I didn’t know him then and my mind was just “Zhang Xiaogang”. But he didn’t speak English very well and I didn’t speak Chinese. So there he was, smoking his cigar, then Qiu Zhijie comes in—very thing, tall, with a crew cut, speaking his really good English with a very heavy Chinese accent.
And I had to strike up a conversation because Zhang Xiaogang’s not talking right? So he told me how he had just got back from Lhasa. He had retraced the steps of this British spy who was Indian and in the British MI5 and did the whole map from Lhasa to Katmandu blah blah blah…
And I was like, “Oh my goodness, this guy is a genius.” So I told him, “Do you want to come to STPI?”
The next day, I went to Irene, “I have an artist. Qiu Zhijie is coming!” “Who is Qiu Zhijie?! What is he gonna do?” “I don’t know!”
Irene is truly amazing. She trusted me. And I trusted the artist.
And many of them don’t really work with prints, right? Tabaimo and Qiu Zhijie are video artists, Thukral and Tagra are really skewed towards popular culture, etc…
Many times, yes. Some don’t even want to entertain (the idea of printmaking). Some artists, I just have to keep nudging.
Qiu Zhijie, he’s just so brilliant, he’d do anything. But somebody like Do Ho Suh took me five years. He was very unconvinced about us. He was also very busy with other projects and flies all over the place. I just persisted.
Rirkrit (Tiravanija) same thing. I met him at LASALLE in Goodman and I didn’t even know who he was. So I googled him and found him very interesting. I started writing to him and made sure I went to every single event. When I was in Basel, he had a theatre show with Philippe Parreno, so I went and made sure he sees me at his events to show that I’m really serious. So he finally said yes last year and came to visit.
With Tabaimo, I went to Hara Museum. A video artist – yah, what can video artists do here right? I went to Eitaro (Ogawa, STPI’s chief printer). “I found this video artist and she seems really interesting!” “Yah, she’s quite interesting—but what is she gonna do?!”

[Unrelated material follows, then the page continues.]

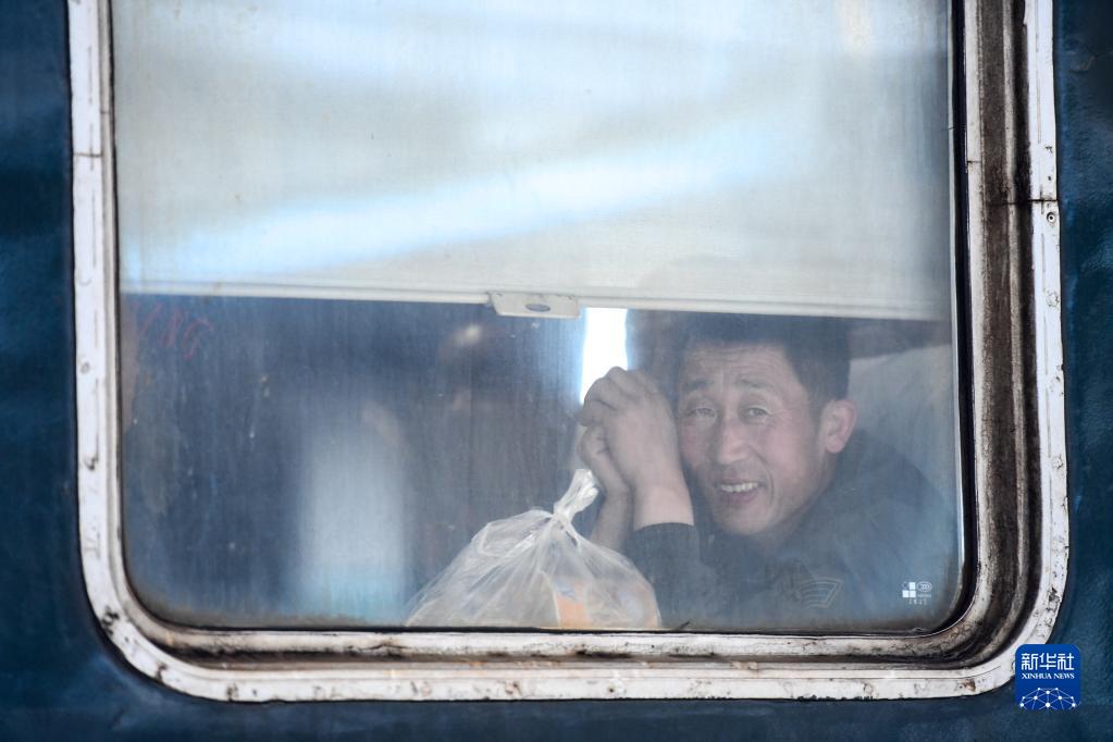 在K5151次列車(chē)車(chē)廂中,一位乘客在座位上望向窗外(5月6日攝)。

She did such a wonderful project.
Has any STPI work found itself in auctions?
The fact that they’re not in the auctions is a good sign – it means collectors buy to keep. The prices are always in comparison to their studio works. And the entry point is always accessible.
We’re probably wrapping up now. Thoughts on the local scene?
I think it’s really, really exciting. It’s getting to a place where it would compete on a good level. And I think Art Stage has done that successfully—it has contributed to bringing up the level in such a short time. That jump was easier. And I think it was very timely also because we see a lot of younger generations being interested in art and they’re much more exposed than before and they also travel more. And their whole lifestyle is very much different when I was their age. It’s a very different world now and it’s changing very fast. Now, I think our business plan has to be on a yearly basis.
So, care to share who’s on your STPI wishlist?
We’ve finally confirmed Suzanne Victor for next year. Jeff Koons. Murakami has been here and loves this place. We would like to work with Zhang Huan, a performance artist based in Shanghai. Zeng Fanzhi, Liu Wei… We would love to work with William Kentridge. Maurizio Catellan. Philippe Parreno. We’ll get there someday.